Da habert es wohl noch an der Konfiguration oder?


----------



## Till (21. Juni 2010)

Da scheint nicht alles richtig installiert zu sein. Hast Du dich denn exakt an die opensuse 11.2 Installationsanleitung für ispconfig gehalten?

P.s. Ich würde Dir raten mal Debian statt OpenSuSE anzusehen, wenn Du ein langfristig stabiles produktionssystem suchts. openSuSE setups sind komplizierter zu installieren und zu warten und gehen auch bei Updates gerne mal kaputt.


----------



## Cuver77 (21. Juni 2010)

Ich habe das HowTo für opensuse 11.1 benutzt, da ich das englischesprachige für 11.2 nicht gesehen hatte. Dies ist dann wohl ein Fehler gewesen, oder? 

Nur bei der quota-Installation bin ich von HowTo abgewichen, da ich keinen Eintrag für /dev/sda3            /srv                 ext4      in der fstab hatte. Ich habs dann einfach ohne diese Zeile ausgeführt.
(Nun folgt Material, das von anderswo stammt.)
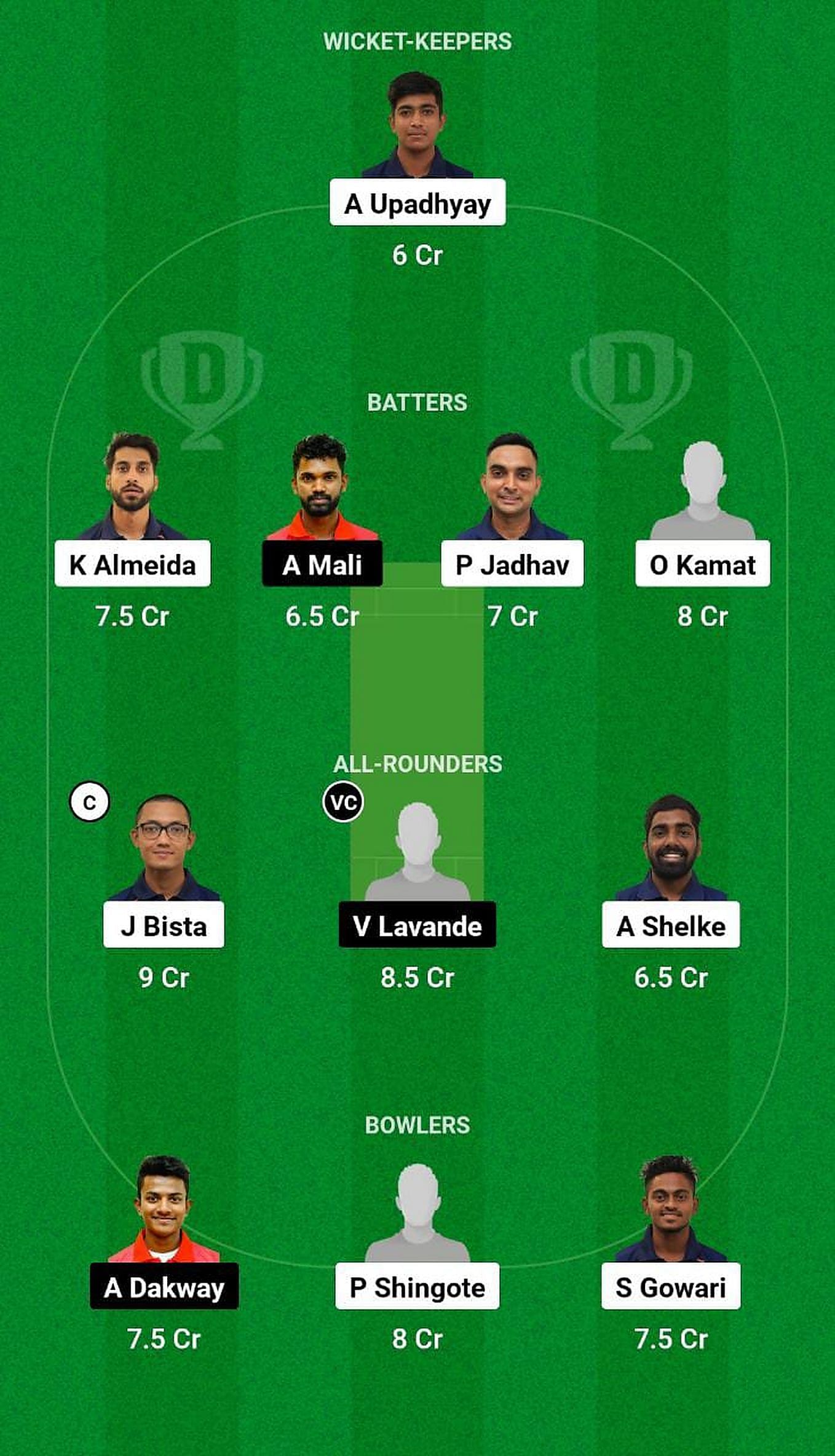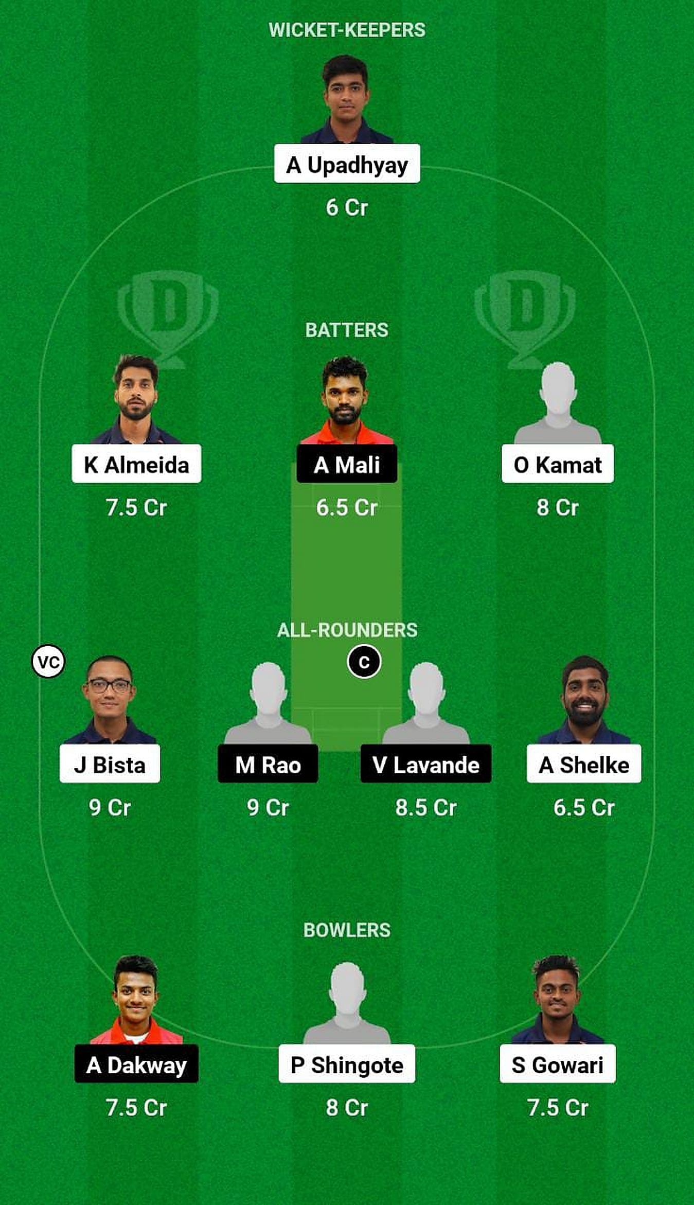 Aquib Shaikh (c), Parag Jadhay, Om Prasad Shingote, Sanket Gowari, Ashwin Shelke, Chaitanya Bhoir, Bhaiya Kumar, Adarsh Upadhyay (wk), Jay Bista, Kevin Almeida

Wäre dies ein Problem? Die Quota's wollte ich sowieso nicht nutzen.

Wegen Debian habe ich auch schon überlegt. Bisher bin ich davor zurückgeschreckt, da ich das System / Befehle nicht kenne. Aber das ist sicherlich nicht so ein großen Problem.


----------



## Till (21. Juni 2010)

> Ich habe das HowTo für opensuse 11.1 benutzt, da ich das  englischesprachige für 11.2 nicht gesehen hatte. Dies ist dann wohl ein  Fehler gewesen, oder?


Fehler nicht direkt. Aber ich vermute mal dass das pam_mysql Modul das bei Dir installiert ist irgendwelche Probleme macht. OpenSuuSE ist da recht heikel, einige pam_mysql rpm's funktionieren einfach nicht während andere gehen. warum das so ist hab ich bis jetzt auch noch nicht rausgefunden, ich vermute mal dass verschiedene compile Optionen in den diversen repositorys des opensuse Build service verwendet werden, da unter umständen inkompatibel sind.

Du könntest also versuchen das pam_mysql paket zu deinstallieren und es nochmal nach dem 11.2 Tutorial neu zu installieren.


----------